Hawaiian Humane Society public relations director Eve Holt said people tend to prefer names that tap into their feeling about dogs as strong, loyal companions.

" 'Max' has that connotation of strength and trustworthiness," Holt said. And even the Hawaiian names reflect people's fondness for their pets. " 'Hoku' — it's star and it's the light of their life."

The female top 10 includes old-fashioned favorites such as Lady, Daisy, Ginger — names that reflect companionship and would likely have headed the list 30 or 50 years ago. "We all know that animals give us that lasting unconditional love," Holt said.

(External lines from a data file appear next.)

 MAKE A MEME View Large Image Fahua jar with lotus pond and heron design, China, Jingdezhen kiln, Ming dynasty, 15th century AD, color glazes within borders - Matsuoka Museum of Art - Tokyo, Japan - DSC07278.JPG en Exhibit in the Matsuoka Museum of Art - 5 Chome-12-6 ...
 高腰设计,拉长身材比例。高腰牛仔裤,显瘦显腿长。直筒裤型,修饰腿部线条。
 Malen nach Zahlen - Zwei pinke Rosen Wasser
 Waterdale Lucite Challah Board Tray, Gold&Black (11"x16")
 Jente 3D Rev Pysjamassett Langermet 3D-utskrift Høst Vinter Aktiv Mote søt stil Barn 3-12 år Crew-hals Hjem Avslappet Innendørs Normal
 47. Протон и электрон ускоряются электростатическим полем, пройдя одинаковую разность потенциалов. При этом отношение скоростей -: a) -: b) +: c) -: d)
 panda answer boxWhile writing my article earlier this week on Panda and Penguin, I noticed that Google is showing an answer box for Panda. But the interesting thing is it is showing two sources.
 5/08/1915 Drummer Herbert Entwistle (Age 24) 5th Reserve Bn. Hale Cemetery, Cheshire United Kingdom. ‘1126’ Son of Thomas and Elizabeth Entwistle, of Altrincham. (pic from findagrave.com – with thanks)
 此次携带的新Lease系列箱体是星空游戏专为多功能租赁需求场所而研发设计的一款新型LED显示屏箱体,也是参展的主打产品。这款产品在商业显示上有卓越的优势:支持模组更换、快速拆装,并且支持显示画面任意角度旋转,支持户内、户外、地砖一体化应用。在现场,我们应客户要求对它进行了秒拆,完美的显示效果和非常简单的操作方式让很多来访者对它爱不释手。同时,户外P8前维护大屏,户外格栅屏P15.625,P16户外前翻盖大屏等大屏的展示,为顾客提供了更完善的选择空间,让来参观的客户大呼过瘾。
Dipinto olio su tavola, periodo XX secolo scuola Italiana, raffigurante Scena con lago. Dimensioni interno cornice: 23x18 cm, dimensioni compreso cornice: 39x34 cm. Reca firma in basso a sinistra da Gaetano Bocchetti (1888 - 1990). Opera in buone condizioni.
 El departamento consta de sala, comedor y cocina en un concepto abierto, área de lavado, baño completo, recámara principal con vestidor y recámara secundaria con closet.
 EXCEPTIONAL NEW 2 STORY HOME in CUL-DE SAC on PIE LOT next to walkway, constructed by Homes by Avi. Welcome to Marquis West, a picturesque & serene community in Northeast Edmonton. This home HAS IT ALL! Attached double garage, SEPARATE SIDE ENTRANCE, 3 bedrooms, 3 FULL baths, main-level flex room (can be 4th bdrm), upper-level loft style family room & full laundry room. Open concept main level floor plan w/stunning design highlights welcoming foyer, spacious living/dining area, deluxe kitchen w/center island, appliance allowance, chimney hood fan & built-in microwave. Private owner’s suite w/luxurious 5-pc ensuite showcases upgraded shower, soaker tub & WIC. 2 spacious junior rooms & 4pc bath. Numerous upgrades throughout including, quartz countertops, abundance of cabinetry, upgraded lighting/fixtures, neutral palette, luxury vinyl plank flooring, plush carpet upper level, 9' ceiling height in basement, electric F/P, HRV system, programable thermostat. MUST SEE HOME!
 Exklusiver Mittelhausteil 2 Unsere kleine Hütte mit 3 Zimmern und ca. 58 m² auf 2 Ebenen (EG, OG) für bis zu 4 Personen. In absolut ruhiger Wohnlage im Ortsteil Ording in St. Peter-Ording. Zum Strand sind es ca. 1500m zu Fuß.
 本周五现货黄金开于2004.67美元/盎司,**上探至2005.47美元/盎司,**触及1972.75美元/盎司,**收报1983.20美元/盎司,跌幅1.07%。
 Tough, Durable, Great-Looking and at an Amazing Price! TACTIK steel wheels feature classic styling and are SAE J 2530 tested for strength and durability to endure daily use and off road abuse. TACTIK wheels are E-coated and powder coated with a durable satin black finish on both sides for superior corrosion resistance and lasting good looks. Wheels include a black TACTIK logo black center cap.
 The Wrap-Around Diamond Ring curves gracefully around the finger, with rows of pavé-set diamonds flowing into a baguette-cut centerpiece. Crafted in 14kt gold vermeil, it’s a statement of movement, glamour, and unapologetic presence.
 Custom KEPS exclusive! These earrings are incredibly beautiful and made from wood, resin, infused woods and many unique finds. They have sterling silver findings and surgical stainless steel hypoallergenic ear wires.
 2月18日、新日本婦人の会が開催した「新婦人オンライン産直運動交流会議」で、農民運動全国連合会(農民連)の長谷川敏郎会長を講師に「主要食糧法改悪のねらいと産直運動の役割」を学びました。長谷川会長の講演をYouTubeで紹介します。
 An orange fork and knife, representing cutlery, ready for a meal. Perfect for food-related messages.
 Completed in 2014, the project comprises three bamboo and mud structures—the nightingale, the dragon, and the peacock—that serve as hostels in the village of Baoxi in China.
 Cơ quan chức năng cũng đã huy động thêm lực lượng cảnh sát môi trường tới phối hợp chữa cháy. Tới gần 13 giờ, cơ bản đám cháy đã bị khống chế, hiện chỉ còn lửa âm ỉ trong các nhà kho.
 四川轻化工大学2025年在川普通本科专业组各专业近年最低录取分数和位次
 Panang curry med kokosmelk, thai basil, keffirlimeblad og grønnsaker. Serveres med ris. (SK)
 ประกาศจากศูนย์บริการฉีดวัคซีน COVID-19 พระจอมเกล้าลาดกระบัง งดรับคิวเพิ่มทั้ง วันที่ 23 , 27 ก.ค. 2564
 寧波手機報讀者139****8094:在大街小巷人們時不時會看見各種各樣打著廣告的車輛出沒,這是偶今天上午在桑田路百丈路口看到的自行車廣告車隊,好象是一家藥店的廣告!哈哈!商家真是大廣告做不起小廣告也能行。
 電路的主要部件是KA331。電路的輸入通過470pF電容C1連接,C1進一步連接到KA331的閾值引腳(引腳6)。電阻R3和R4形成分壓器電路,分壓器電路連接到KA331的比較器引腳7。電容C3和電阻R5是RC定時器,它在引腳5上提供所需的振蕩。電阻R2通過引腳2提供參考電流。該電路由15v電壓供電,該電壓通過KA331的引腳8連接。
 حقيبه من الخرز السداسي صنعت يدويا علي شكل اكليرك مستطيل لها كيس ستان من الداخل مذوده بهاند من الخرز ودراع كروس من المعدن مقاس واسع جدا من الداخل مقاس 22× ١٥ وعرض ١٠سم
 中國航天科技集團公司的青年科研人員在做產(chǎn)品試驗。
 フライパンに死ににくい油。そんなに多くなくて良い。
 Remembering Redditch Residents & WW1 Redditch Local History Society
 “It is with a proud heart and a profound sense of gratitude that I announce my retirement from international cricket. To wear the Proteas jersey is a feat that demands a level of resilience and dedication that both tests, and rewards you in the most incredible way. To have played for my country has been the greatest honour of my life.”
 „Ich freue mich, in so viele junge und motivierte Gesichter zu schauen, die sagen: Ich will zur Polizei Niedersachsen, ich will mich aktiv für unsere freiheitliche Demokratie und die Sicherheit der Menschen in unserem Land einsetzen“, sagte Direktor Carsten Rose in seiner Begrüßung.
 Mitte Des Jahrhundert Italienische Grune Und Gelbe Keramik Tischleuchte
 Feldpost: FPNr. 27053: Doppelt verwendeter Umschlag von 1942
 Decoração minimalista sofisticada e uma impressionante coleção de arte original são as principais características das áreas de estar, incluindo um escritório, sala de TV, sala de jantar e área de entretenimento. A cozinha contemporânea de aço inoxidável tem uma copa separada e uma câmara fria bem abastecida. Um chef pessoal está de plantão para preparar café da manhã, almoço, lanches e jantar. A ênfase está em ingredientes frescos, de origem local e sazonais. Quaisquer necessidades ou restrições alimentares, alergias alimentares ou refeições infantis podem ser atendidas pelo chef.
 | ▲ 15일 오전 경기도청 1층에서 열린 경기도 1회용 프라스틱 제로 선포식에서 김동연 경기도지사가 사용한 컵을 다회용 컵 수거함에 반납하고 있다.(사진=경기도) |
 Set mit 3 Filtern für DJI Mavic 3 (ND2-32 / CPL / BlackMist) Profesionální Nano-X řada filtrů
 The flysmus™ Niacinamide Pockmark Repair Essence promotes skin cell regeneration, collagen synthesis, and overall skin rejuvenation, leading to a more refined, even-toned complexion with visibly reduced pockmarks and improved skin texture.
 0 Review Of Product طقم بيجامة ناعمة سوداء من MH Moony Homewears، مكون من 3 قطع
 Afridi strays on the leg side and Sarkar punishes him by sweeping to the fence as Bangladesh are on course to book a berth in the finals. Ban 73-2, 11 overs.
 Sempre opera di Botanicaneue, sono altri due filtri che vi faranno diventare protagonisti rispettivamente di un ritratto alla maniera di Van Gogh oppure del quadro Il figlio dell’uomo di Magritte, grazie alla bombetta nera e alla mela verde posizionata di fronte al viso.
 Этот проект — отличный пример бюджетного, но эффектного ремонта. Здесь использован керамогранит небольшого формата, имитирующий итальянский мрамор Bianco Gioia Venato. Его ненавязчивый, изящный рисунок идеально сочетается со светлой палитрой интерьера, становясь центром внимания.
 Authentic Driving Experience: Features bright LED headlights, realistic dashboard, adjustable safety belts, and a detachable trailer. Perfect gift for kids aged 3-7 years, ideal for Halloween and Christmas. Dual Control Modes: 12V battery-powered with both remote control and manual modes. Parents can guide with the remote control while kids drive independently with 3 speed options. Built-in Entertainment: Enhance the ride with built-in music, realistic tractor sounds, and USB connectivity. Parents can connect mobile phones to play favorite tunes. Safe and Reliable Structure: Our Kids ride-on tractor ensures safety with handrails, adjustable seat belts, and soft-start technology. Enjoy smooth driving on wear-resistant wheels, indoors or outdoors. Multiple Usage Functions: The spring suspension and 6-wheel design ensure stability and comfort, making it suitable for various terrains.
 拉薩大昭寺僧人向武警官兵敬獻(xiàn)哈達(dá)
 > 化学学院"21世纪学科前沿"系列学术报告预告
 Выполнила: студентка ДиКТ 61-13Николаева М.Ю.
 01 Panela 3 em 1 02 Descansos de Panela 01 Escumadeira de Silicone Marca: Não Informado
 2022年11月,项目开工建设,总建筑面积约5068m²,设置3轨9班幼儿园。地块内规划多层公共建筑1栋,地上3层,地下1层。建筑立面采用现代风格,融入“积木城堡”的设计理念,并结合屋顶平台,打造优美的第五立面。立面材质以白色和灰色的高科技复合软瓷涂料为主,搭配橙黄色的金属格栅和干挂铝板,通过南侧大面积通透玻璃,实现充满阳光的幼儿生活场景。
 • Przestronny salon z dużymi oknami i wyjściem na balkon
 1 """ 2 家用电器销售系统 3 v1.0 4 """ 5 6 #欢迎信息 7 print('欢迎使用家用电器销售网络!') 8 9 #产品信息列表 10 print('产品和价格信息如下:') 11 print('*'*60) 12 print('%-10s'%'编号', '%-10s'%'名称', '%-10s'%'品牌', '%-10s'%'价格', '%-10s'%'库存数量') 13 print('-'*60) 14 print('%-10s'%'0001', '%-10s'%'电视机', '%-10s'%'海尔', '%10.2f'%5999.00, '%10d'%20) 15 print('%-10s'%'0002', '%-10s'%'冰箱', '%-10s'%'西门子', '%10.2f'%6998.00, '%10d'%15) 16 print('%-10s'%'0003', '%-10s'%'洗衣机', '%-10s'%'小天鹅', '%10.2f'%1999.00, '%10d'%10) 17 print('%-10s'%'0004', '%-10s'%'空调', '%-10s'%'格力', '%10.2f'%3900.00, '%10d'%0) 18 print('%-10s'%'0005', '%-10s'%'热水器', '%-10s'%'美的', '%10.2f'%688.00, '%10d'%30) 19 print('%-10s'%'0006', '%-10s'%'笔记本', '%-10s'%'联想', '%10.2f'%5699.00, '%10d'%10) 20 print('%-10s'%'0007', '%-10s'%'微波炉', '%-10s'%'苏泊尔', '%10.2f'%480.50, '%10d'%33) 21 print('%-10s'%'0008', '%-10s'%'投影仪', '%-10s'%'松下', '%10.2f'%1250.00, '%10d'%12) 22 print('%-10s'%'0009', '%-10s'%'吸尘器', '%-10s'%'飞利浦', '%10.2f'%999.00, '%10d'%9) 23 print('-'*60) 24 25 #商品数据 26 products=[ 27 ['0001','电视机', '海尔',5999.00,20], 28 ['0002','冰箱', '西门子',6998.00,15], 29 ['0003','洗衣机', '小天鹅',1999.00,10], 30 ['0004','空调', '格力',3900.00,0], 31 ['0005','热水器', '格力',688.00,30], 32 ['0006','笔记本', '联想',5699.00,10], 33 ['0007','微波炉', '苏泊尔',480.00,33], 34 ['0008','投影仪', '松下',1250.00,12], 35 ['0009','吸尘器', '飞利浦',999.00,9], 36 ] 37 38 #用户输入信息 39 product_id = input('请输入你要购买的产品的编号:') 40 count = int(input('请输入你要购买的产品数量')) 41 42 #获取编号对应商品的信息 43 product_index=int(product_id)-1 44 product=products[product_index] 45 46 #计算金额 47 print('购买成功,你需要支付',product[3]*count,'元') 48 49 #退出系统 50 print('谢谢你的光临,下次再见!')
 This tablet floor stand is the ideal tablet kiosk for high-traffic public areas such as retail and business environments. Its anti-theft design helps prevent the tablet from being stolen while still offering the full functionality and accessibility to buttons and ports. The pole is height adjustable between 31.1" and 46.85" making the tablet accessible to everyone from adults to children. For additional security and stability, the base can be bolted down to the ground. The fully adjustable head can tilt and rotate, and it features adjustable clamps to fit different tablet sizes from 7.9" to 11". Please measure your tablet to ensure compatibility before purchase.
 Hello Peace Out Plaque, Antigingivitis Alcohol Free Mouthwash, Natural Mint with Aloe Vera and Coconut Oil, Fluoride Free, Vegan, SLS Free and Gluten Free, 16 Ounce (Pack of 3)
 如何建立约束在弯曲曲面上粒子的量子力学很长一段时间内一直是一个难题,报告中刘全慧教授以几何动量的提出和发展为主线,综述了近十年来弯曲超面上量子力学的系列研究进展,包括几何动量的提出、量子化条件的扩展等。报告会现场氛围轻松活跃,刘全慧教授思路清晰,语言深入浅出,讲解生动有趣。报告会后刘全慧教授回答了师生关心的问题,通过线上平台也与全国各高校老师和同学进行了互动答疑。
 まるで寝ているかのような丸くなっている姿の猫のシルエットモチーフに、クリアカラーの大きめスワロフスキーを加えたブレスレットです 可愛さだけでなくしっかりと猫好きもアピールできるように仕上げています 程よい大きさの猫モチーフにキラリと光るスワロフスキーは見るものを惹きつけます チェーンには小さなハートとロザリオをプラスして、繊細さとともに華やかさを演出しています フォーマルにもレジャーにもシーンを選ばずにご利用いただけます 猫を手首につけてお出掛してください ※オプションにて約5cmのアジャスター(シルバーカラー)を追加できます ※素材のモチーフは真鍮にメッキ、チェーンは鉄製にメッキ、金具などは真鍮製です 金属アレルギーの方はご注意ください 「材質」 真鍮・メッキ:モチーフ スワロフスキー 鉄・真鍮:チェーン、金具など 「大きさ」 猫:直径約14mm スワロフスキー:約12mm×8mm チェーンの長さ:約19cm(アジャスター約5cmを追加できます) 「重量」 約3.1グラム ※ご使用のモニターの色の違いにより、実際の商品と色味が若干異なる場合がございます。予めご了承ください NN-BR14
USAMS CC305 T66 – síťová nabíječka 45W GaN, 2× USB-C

As for long-term trends, Holt said the shift has been away from the obvious. "I think the trend has been to more 'people' names instead of things like Spot."

Olivia and Julianne Noh, 12, hold their dogs Pepper, a mixed Labrador, and Tommy, a Pomeranian, at the Hawaiian Humane Society park.

Bruce Asato • The Honolulu Advertiser

She said the humane society keeps a dog's name, but if it is unknown they try to come up with one that fits the dog's personality, so families get an idea of who's going home with them.

"Sometimes a sweet-looking dog will be a rascal, or a tough dog will be a pushover," she said.

State law requires that dogs be licensed. As of last year, there were 34,167 dogs registered in Honolulu, slightly more female (17,475) than male (16,538). And there are 42,270 dogs on O'ahu who have had a microchip implanted to make it easier to find their owners.

That's actually fewer than half the dogs out there, said Pamela Burns, president and chief executive officer of the Hawaiian Humane Society. Burns said the society estimates that 37 percent of O'ahu households have a dog, putting the actual number at about 102,500.

On O'ahu, it costs $10 for a dog license for animals four through seven months old and for neutered dogs.

The license costs $28.50 for unneutered dogs eight months and older. Licenses must be renewed every two years. Cats do not have to be licensed.